Our own Hindufication
We write this not as outsiders pretending to diagnose India, but as people who have undergone a gentler version of the same process. Over fifteen years of family and work on the subcontinent, our own Islamicate inheritance has been quietly sifted. The Persianate was retained. The Arabic was allowed to fall away. The qawwali, the food, the manners, the ghazal, the Mughal grammar of taste. All survived. The devotional Islamicate self did not. We arrived as something close to a Anglo-Islamicate hybrid. We are leaving, slowly, as a Hindu-Persianate one. We did not plan this. We watched it happen to ourselves.
The Persian survives. The Arabic does not. The poetry survives. The prayer does not. This is the formula. Once you see it, you cannot unsee it.
We made this passage with privilege, with distance, with choice, and with somewhere else to be if we changed our minds. The Indian Muslim, the one with no other passport and no other country, is being asked to make the same passage on terms set by people who never had to make it themselves. That asymmetry is this post.
The morning song
The news this week was Memo No. 470-ME, dated 19 May 2026, signed by the Director of Madrasah Education, Government of West Bengal. The order makes the singing of Vande Mataram mandatory at morning assembly in every state-recognised madrasa: government, aided, unaided, all of them. Immediate effect. Approval of competent authority.

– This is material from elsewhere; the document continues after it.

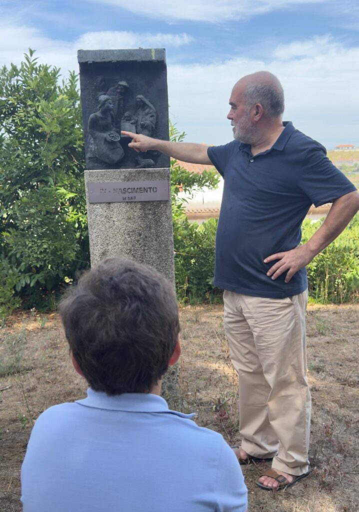 Em pós esta, conduzidos pelo Frei João e pelas perguntas e espantos da Luisinha e do Lucas, subimos calmamente o Monte dos Mistérios (do Menino Jesus). Valeu a pena, porque ninguém foi de alma pequena – além de ter sido uma delícia ver como o par de petizes belamente decifrou, umaa uma, as personagens das diversas gravuras. Inolvidável!

Note the date. Suvendu Adhikari was sworn in as the first BJP Chief Minister of West Bengal on 9 May, ten days earlier, on a 207-seat mandate that ended Mamata Banerjee’s fifteen-year run. The order is ten days into the new government. Of all the actions available to a freshly-installed state administration, this is the gesture chosen. The first major item on the agenda was the Muslim schoolchild’s morning. The signal is the signal.
The Pakistani faction of our commentariat is aghast, and not unreasonably. The song is a hymn to the Great goddess Durga, drawn from a novel that called for war on Muslims, and forcing a Muslim child to recite it is a small humiliation that announces a large arrangement. One of our Pakistani commenters compared it to forcing a vegetarian Hindu to eat beef. The comparison overstates and understates at the same time. It overstates because nobody is forcing food into anyone’s mouth. It understates because food is forgotten by the afternoon, and a song sung daily for ten years writes itself into the spine.
The row is the symptom. The disease is older. Bengal is the latest frontier, not the first.